Где-то слева в тумане сверкнула искра, как будто там ударили по кресалу, и посреди парка с опадающим грохотом разорвался снаряд.

Из низины нащупывающими очередями забили пулеметы.

– Идите ко второму орудию, – приказал Ермаков Прошину. – Вдвоем нам делать здесь нечего. И запомните: без приказа не стрелять!

– Окружают, да? – подавленно спросил Прошин. – Неужели кольцо?

Он подчеркнуто старательно зашагал через кусты, странно пружиня ноги, не пригибаясь, точно смелостью этой хотел искупить недавнюю свою растерянность.

Ермаков раздраженно крикнул:

– Бегом!

Его раздражала наивная неопытность лейтенанта, его неуклюжая молодость, неумение понимать все с первого слова.

Немецкие пулеметы, не переставая, работали в низине, трассы вылетали оттуда, врезались в землю возле площадки орудия. Стрельба в низине усиливалась; в нее влились тонкие строчки автоматов; тяжелые мины начали рваться на улочках деревни – дважды со скрежетом сыграл шестиствольный миномет.
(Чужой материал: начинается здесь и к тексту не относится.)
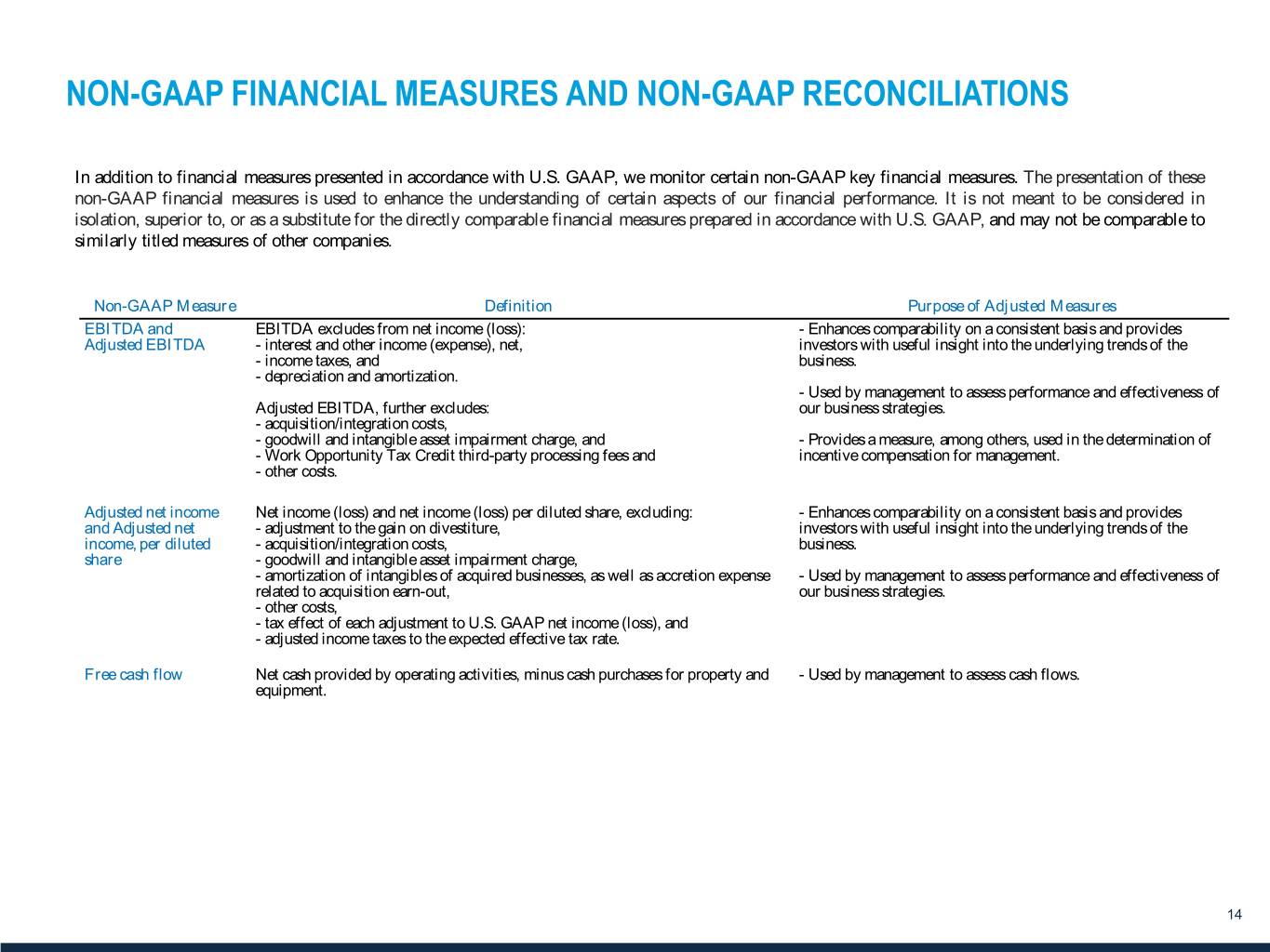 NON-GAAP FINANCIAL MEASURES AND NON-GAAP RECONCILIATIONS In addition to financial measures presented in accordance with U.S. GAAP, we monitor certain non-GAAP key financial measures. The presentation of these non-GAAP financial measures is used to enhance the understanding of certain aspects of our financial performance. It is not meant to be considered in isolation, superior to, or as a substitute for the directly comparable financial measures prepared in accordance with U.S. GAAP, and may not be comparable to similarly titled measures of other companies. Non-GAAP Measure Definition Purpose of Adjusted Measures EBITDA and EBITDA excludes from net income (loss): - Enhances comparability on a consistent basis and provides Adjusted EBITDA - interest and other income (expense), net, investors with useful insight into the underlying trends of the - income taxes, and business. - depreciation and amortization. - Used by management to assess performance and effectiveness of Adjusted EBITDA, further excludes: our business strategies. - acquisition/integration costs, - goodwill and intangible asset impairment charge, and - Provides a measure, among others, used in the determination of - Work Opportunity Tax Credit third-party processing fees and incentive compensation for management. - other costs. Adjusted net income Net income (loss) and net income (loss) per diluted share, excluding: - Enhances comparability on a consistent basis and provides and Adjusted net - adjustment to the gain on divestiture, investors with useful insight into the underlying trends of the income, per diluted - acquisition/integration costs, business. share - goodwill and intangible asset impairment charge, - amortization of intangibles of acquired businesses, as well as accretion expense - Used by management to assess performance and effectiveness of related to acquisition earn-out, our business strategies. - other costs, - tax effect of each adjustment to U.S. GAAP net income (loss), and - adjusted income taxes to the expected effective tax rate. Free cash flow Net cash provided by operating activities, minus cash purchases for property and - Used by management to assess cash flows. equipment. 14

Вся низина и река были затянуты серым туманом, и за рекой, впереди, невидимо приближаясь, тихо рокотали моторы то ли автомашин, то ли бронетранспортеров. Тот же звук, и выстрелы, и угадываемое на слух движение ощупью возникали слева и справа и, кажется, за спиной, и Ермаков понял, что это действительно суживалось колечко, сквозь которое пролезать надо было головой. Как ни был осторожен Бульбанюк, каким ни считался он расчетливым, свершалось то, чего нельзя было предусмотреть.
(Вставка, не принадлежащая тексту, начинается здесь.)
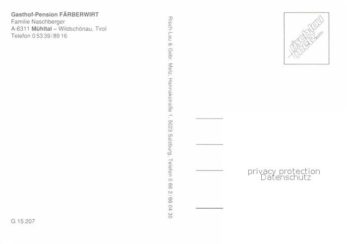 12637448 Muehltal Wildschoenau Gasthaus Pension Faerberwirt postalisch nicht gelaufen Erhaltung siehe scans [LiesaD40] KatCode: 11390335070530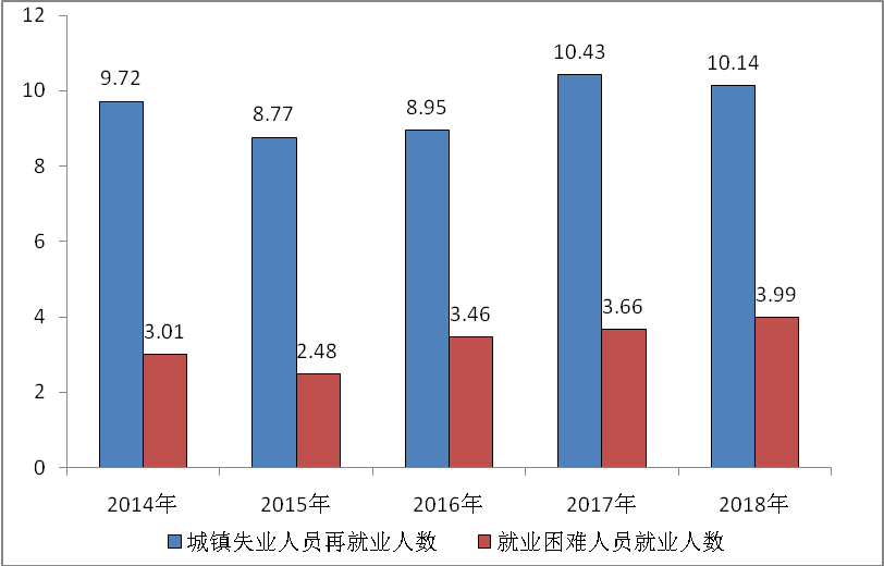 图3 近五年城镇失业人员再就业及就业困难人员就业人数

– Это не танки, товарищ капитан, – сказал один из сержантов Березкиных (Николай или Андрей, так он и не научился их различать), – танки по-другому…

И в глазах его засветились горячечные огоньки.

Никто не ответил; все смотрели в туман, туда, где был мостик. Эти почти незнакомые Ермакову люди в запачканных глиной шинелях, с воспаленными лицами вдруг ощутимо ближе стали ему сейчас; двое солдат ненужно протирали чистые снаряды, большие руки, натруженные за ночь, тряслись.

Торопливо сдваивая, заработала скорострельная пушка. Прерывистые трассы блеснули из тумана там, где был мостик, широкий силуэт выдвинулся к реке, и следом второй силуэт появился в белой мгле рядом.

– Бронетранспортеры, – сказал Березкин. – Это они…

Смутные живые фигурки забегали по берегу, близко рассыпались автоматные очереди, несколько человек, разбрасывая на бегу вспышки, тенями замелькали через мостик. И тотчас навстречу им зачастил, захлебываясь, «максим» на околице.

«Ду-ду-ду… а-а-а!» – послышалось оттуда смешанное и протяжное.

– По левому бронебойным! Наводить точнее! Огонь!.. – скомандовал Ермаков, ощущая жгучий азарт: смазать, смазать его с первого снаряда!

Он не смазал бронетранспортер ни после первого и ни после второго снаряда – бронебойные, прочерчивая линии высоко над силуэтами, терялись в тумане. Туман изменял расстояние. Ермаков трижды снижал прицел и когда после шестого снаряда заметил, что вблизи мостика туман порозовел, крикнул со злым весельем:

– По… правому!..

Но расчет медлил, и, сдвинув фуражку со вспотевшего лба – звенело в ушах, – он оглянулся на орудие: сержант Березкин, только что стоявший в двух шагах от орудия, сидел на станине, позеленев лицом, одними белыми губами странно улыбался, зажимая согнутой окровавленной рукой плечо, как если бы ею испуганно прихлопнул и не отпускал что-то.

– Ну что? – крикнул Ермаков. – Задело? Дуй в штаб батальона! Там – перевязку!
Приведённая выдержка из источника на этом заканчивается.